BRIEF
Write out again, exactly as they appear, the lines from the start of the data below through the line with "В качестве действующих"; no pictures.

DATA BLOCK

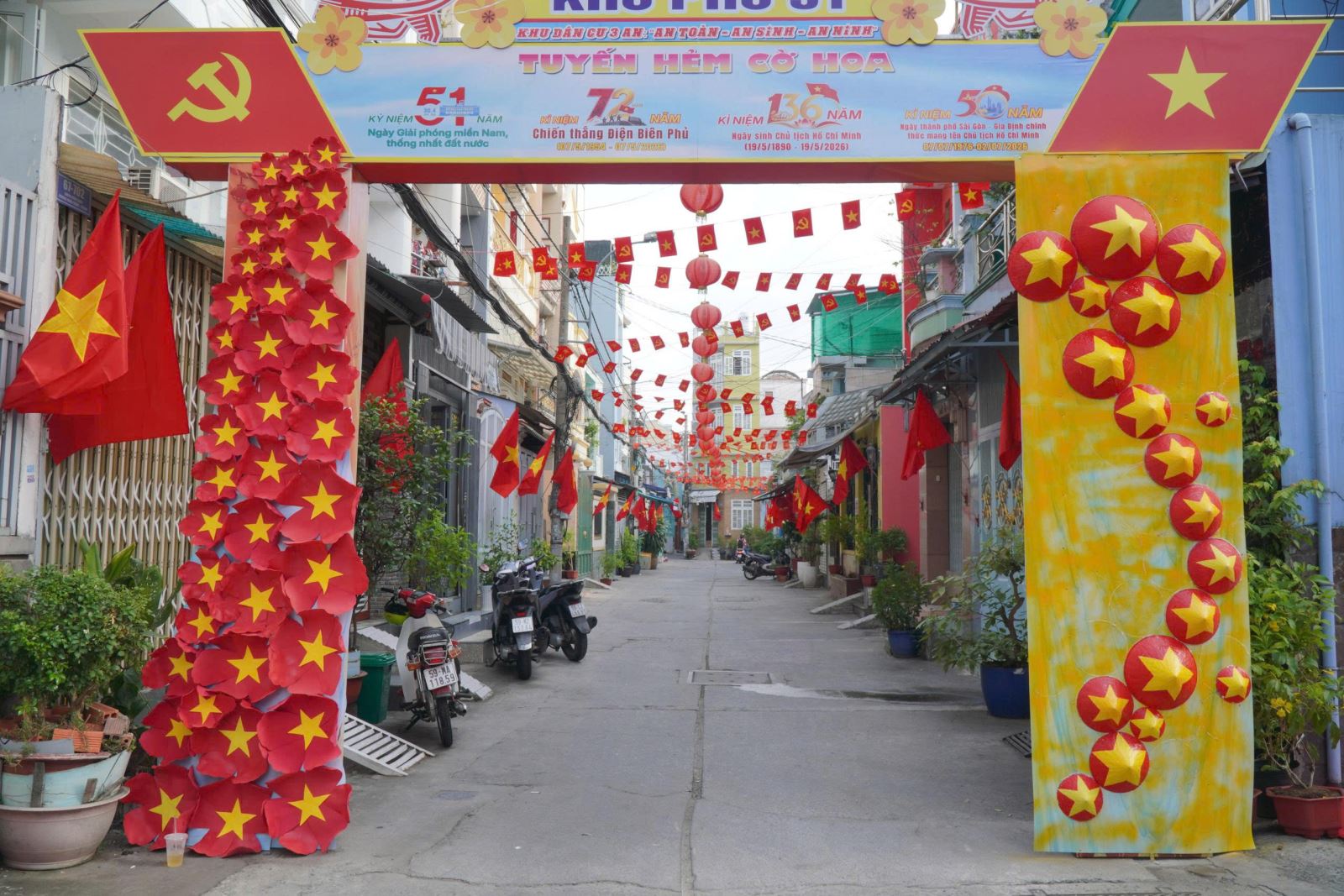 Các tuyến hẻm được trang trí đồng bộ, rực rỡ cờ hoa chào mừng kỷ niệm ngày thống nhất đất nước.
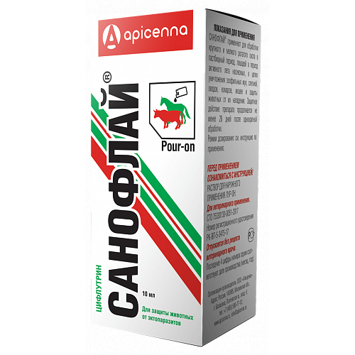 В качестве действующих веществ Санофлай в 1 мл содержит: цифлутрин – 10 мг, вспомогательные вещества до 1 мл.
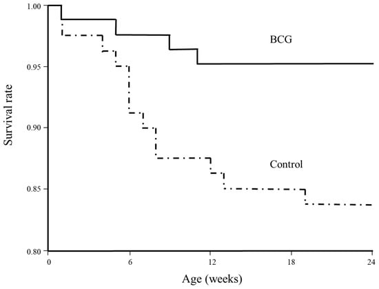 Bovine tuberculosis (bTB) is mainly caused by Mycobacterium bovis, which affects cattle, leading to significant economic losses. In Chile, the vaccination with the M. bovis Bacillus Calmette-Guérin (BCG) strain has been implemented in dairy herds with high prevalence of bTB. This study evaluated non-specific protection associated with BCG on the detection of pathogen-associated genes (nsp5, stx1, stx2, invA, IS1081) and mortality related to diarrhea and pneumonia in calves. A total of 186 calves from a commercial dairy farm were enrolled and grouped as vaccinated (n = 96) and non-vaccinated (n = 90). The BCG Russia strain (2–5 × 105 UFC) was inoculated subcutaneously within the first 30 days after birth. Animals were monitored through fecal sampling at 3 and 6 months of age for molecular detection of gene sequences. A logistic regression analysis showed differences in detection rates of the stx1 sequence at 3 months, with a higher risk for the non-vaccinated individuals (OR 2.91, CI 1.42–5.94, p = 0.03) and for those born in the cold season (OR 9.55, CI 2.02–45.11, p = 0.004). A Kaplan–Meier survival analysis showed a significant difference in deaths in vaccinated calves compared with non-vaccinated animals (p = 0.018), suggesting that BCG confers non-specific protection during the first 3 months after birth, in field conditions.

REPLY
 Các tuyến hẻm được trang trí đồng bộ, rực rỡ cờ hoa chào mừng kỷ niệm ngày thống nhất đất nước.
 В качестве действующих веществ Санофлай в 1 мл содержит: цифлутрин – 10 мг, вспомогательные вещества до 1 мл.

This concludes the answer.